Hi,
(I can't remember if this has been suggested or shot down before; I might have a need for something like this soon, so I'd appreciate guidance on it.)
How hard would it be, do people think, to provide from Drei something like a regexp-token-syntax class, such that it becomes straightforward for people to define simple tokenizing syntaxes?
An example might help; I'd like to be able to do
(define-token-syntax chord-ontology () ("(([A-G])(s|ss|b|bb)?):(([0-9](,[0-9])*))" ((root pitch accidental) pitches)) (t error-token))
and have that be essentially all that's necessary to be able to use the syntax in interesting ways, such as:
* being able to do (accept 'chord-ontology-token) and have the user input coloured in red unless it's valid, and be given the parse tree on return;
* being able to use Chord Ontology syntax in a buffer, where there is no parse per se, but the buffer is lexed according to the token syntax.
Is this sensible, worthwhile, possible, easy? I would have thought that we would have essentially all the components already, and it was a matter of gluing them together, but maybe I'm forgetting a snag?
Cheers,
Christophe
[ In my example, the nesting in the symbolic names is intended to correspond to register groups; in that example, "As:(1,3)" is intended to generate the equivalent of
(make-instance 'chord-ontology-token 'root (make-instance 'root 'pitch "A" 'accidental "s") 'pitches "1,3")
I hope that my intent is reasonably clear. ]
Christophe Rhodes csr21@cantab.net writes:
- being able to do (accept 'chord-ontology-token) and have the user input coloured in red unless it's valid, and be given the parse tree on return;
This sounds very useful for all the various kinds of special-purpose textual input formats applications are likely to use.
- being able to use Chord Ontology syntax in a buffer, where there is no parse per se, but the buffer is lexed according to the token syntax.
I don't understand this. How would you have a buffer syntax with "no parse per se"?
Is this sensible, worthwhile, possible, easy? I would have thought that we would have essentially all the components already, and it was a matter of gluing them together, but maybe I'm forgetting a snag?
I would think this is possible, we already have a state machine, cl-automaton, I think it can be adapted for this purpose.

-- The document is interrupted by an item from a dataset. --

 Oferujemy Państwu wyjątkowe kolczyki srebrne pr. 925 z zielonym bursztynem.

Troels Henriksen athas@sigkill.dk writes:
Christophe Rhodes csr21@cantab.net writes:
- being able to use Chord Ontology syntax in a buffer, where there is no parse per se, but the buffer is lexed according to the token syntax.

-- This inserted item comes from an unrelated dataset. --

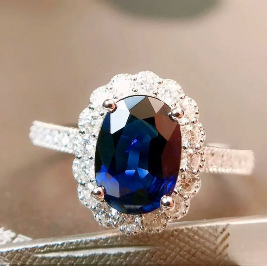 Natural Fire Opal Gemstone Ring 8x10mm Sterling Silver -

I don't understand this. How would you have a buffer syntax with "no parse per se"?
Sorry, I meant that there would be no parse for the buffer beyond a sequence of tokens.
Is this sensible, worthwhile, possible, easy? I would have thought that we would have essentially all the components already, and it was a matter of gluing them together, but maybe I'm forgetting a snag?
I would think this is possible, we already have a state machine, cl-automaton, I think it can be adapted for this purpose.
OK, good.
(Annoyingly, I realised after I posted that some of the mini languages that I have a need to support include elements that are not regular: the common case is properly-nesting balanced comments. I don't know the capabilities of cl-automaton; can it represent such things?)
Cheers,
Christophe
Christophe Rhodes csr21@cantab.net writes:
Sorry, I meant that there would be no parse for the buffer beyond a sequence of tokens.
Oh yeah, this should be trivial. A parse tree of some sort is always necessary for redisplay and other things, hence my question.
(Annoyingly, I realised after I posted that some of the mini languages that I have a need to support include elements that are not regular: the common case is properly-nesting balanced comments. I don't know the capabilities of cl-automaton; can it represent such things?)
I'm pretty sure cl-automaton as it stands only implements regular expressions. I do not know whether it can reasonably be extended or not, but for simplish things like balancing, I'd wager it can.